Chapter 5 – Cold Engines, Hot Steel
---
Krasnodar Higher Military Aviation School – January 2017
Year 2, Semester 1
The cold was no longer a guest. It had taken over the academy.
Steel doors froze in their hinges. Fuel lines cracked under pressure. The air itself had weight, a dense suffocating chill that wrapped around each cadet like a second uniform. Snow clung to the Yak-130s in hardened crusts. Technicians scraped ice from wing roots and nose cones every morning with gloved hands and steel brushes.
The school didn't slow.
It accelerated.
Second-year status meant no more simulation safety nets. No more pre-flight babysitting. Every mistake was logged, evaluated, dissected — and one too many could reroute a cadet's path from fighter stream to ground crew support.
And Leonid Vostrikov? He was still flying clean.
But clean wasn't enough anymore.
---
Their new instructors didn't believe in encouragement.
Major Dymov was one of them — a quiet, frost-eyed man who walked with perfect posture and spoke with measured precision. Rumor said he had flown Su-27s in Georgia and Su-30s over Ukraine in 2014. His callsign had been "Poltergeist" — not because of any stealth ability, but because his name rarely appeared in after-action reports. Just results.
He addressed the new class on the first Monday of January.
"You have survived the fog. You have survived the dark. Now we see who survives combat philosophy."
Behind him, a chalkboard showed four Cyrillic words:
Самостоятельность. Скорость. Давление. Решение.
(Autonomy. Speed. Pressure. Decision.)
"These are your gods now," he said. "Forget them, and you die. Remember them, and maybe you survive long enough to matter."
Leonid sat straight, silent. Yuri beside him looked far less confident.
"I miss the old days," he muttered. "When the worst thing I had to worry about was engine startup temps and Captain Sidorov's halitosis."
Leonid didn't respond. His focus was forward.
---
The next two weeks were a blur of new systems training. Gone were the general theory classes. Now they studied tactical doctrine and aircraft-specific transition theory.
The aircraft in question?
The Sukhoi Su-30SM.
Multirole. Twin-engine. Twin-seat. A beast of a machine compared to the light and responsive Yak-130s they had flown.

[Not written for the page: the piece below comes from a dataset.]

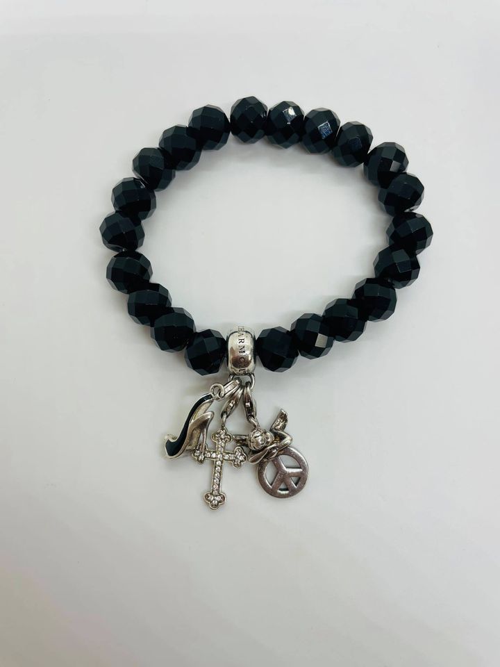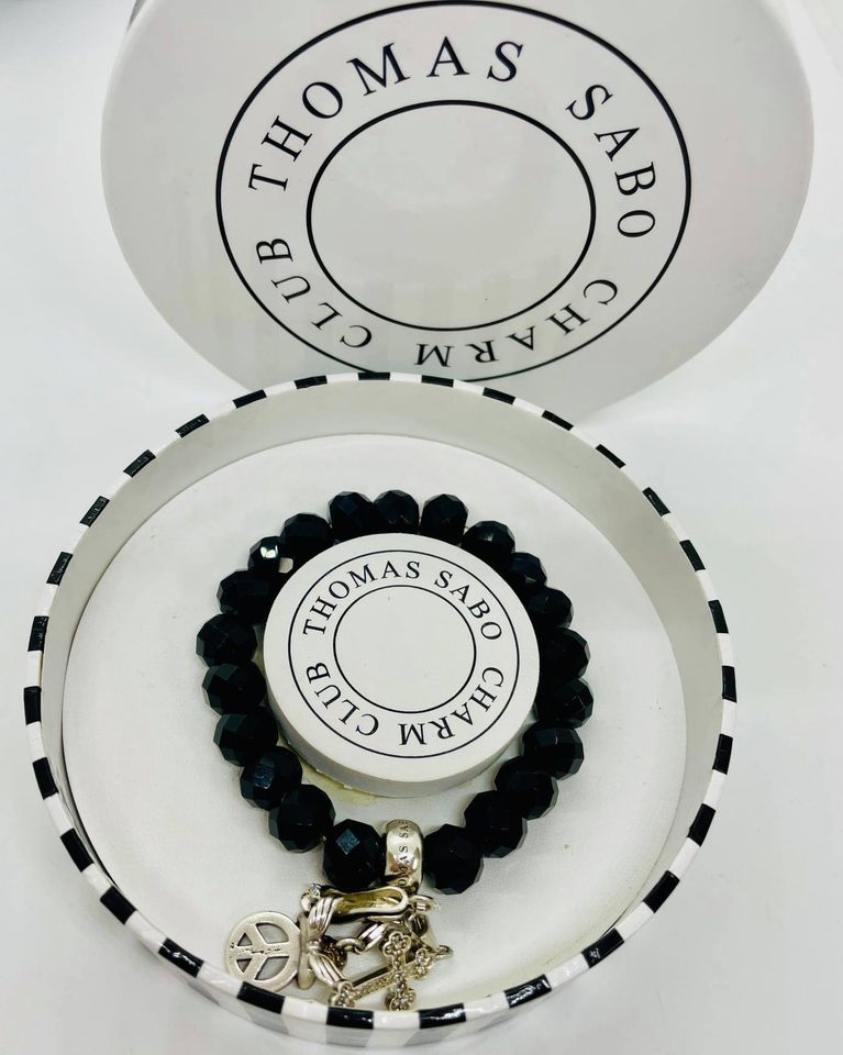 Beautiful Thomas Sabo Black Crystal expandable bracelet with 3 sterling silver Thomas Sabo Charms!

Leonid's first exposure came in Hangar 12 — a sealed facility reserved for high-level pilot candidates.
The Su-30 loomed before them like a sleeping monster: dark gray paint, swept wings, massive AL-31FP thrust-vectoring engines sitting like coiled muscles under the airframe. The cockpit ladders hadn't even been deployed yet. It sat cold, silent, regal.
Leonid stood near the nose and looked up at the twin canopies. The front seat — the pilot's seat — would one day be his. The rear, for now, would house the instructor. But not forever.
He felt the heatless chill in his bones and smiled internally.
He was ready.
---
The Su-30SM systems simulator was nothing like the Yak's.
It wasn't sleek, wasn't gentle. Everything about it felt rougher, heavier. The control stick had deeper resistance. The throttle pushed back. The avionics suite, borrowed and modified from both the Su-27 and newer Su-35 models, was complex enough to rival a bomber.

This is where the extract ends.